Mike Mullen//June 12, 2014//
1) GOP gubernatorial candidates Jeff Johnson and Kurt Zellers are tied among primary voters, according to a KSTP-SurveyUSA poll released on Wednesday.
Both Zellers and Johnson are tied at 23 percent support from likely GOP primary voters. Former Rep. Marty Seifert sits at 14 percent and businessman Scott Honour has 9 percent.
“Jeff Johnson has clearly gotten a nice bump from the Republican-endorsing convention,” Larry Jacobs, a political scientist at the University of Minnesota, said of the race. “He’s now tied with the much better known Kurt Zellers who had been Speaker of the Minnesota House.”
In the GOP US Senate primary, Mike McFadden leads Rep. Jim Abeler 44 percent to 16 percent. The nomination elections are on Aug. 12.
2) The University of Minnesota released a study on Wednesday that showed a nearly 41 percent decline in Minnesota’s uninsured rate since Obamacare went into full effect.
The percentage of uninsured Minnesotans dipped from 8.2 percent of the population to 4.9 percent. For Democrats, its a victory for the beleaguered exchange and a vindication of health care reform efforts at the federal level. The brunt of the change came from access to public health programs.
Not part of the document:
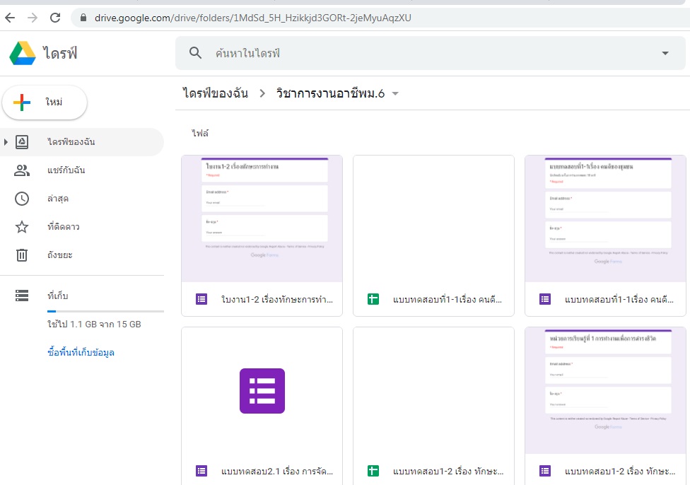 ชื่อผลงาน : ข้อสอบออนไลน์ วิชาการงานอาชีพมัธยมศึกษาปีที่6 https://drive.google.com/drive/folders/1MdSd_5H_Hzikkjd3GORt-2jeMyuAqzXU

“From offering the lowest health insurance rates in the nation, to securing the lowest uninsured rate in state history, health reform is working in Minnesota,” Gov. Mark Dayton said in a statement. ”Today, 180,500 more Minnesotans have affordable access to quality health insurance. We have more work to do to help ensure all Minnesotans are covered, but today’s report demonstrates that health reform in Minnesota is headed in the right direction.”
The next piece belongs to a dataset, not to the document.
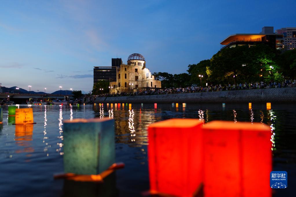 8月6日,在日本广岛和平纪念公园附近的元安川,民众放河灯祈愿和平。
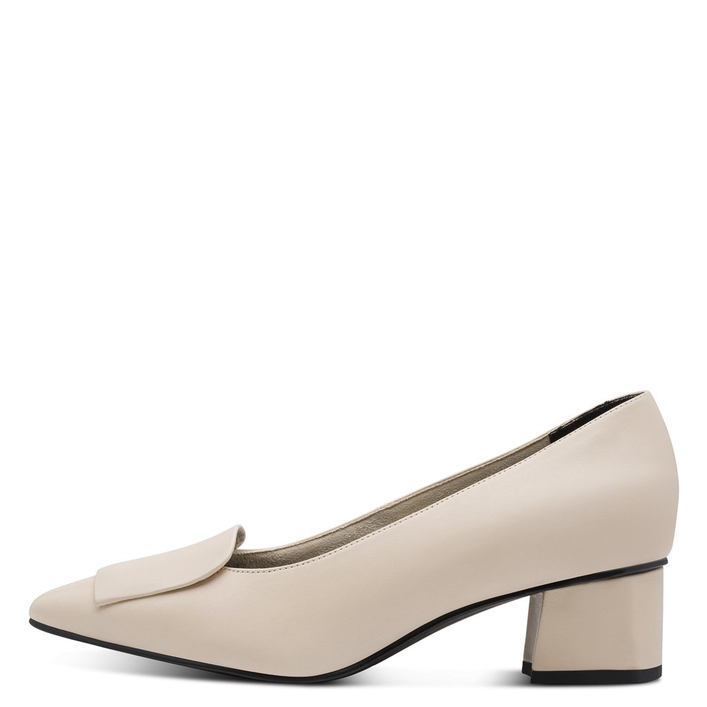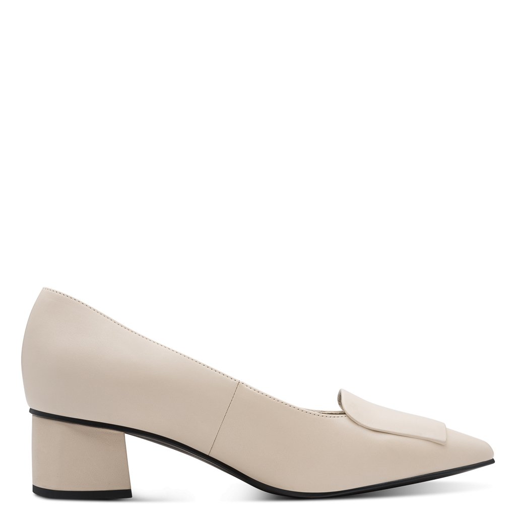 Krémové kožené lodičky Marco Tozzi s 4,5cm podpatkem a koženou stélkou. Elegantní, pohodlné a nadčasové – obujte je do práce i do města.

3) The state Department of Human Services has disagreed with experts who have advised a district court judge that a member of the Minnesota Sex Offender Program should go free, the Associated Press reports.
The department cautioned against releasing the man, identified as E.T., because of a history of violent behavior in the program and a lack of skills that would serve someone in the real world. The move comes after US District Court Judge Donovan Frank ordered the state to show why the man couldn’t go free.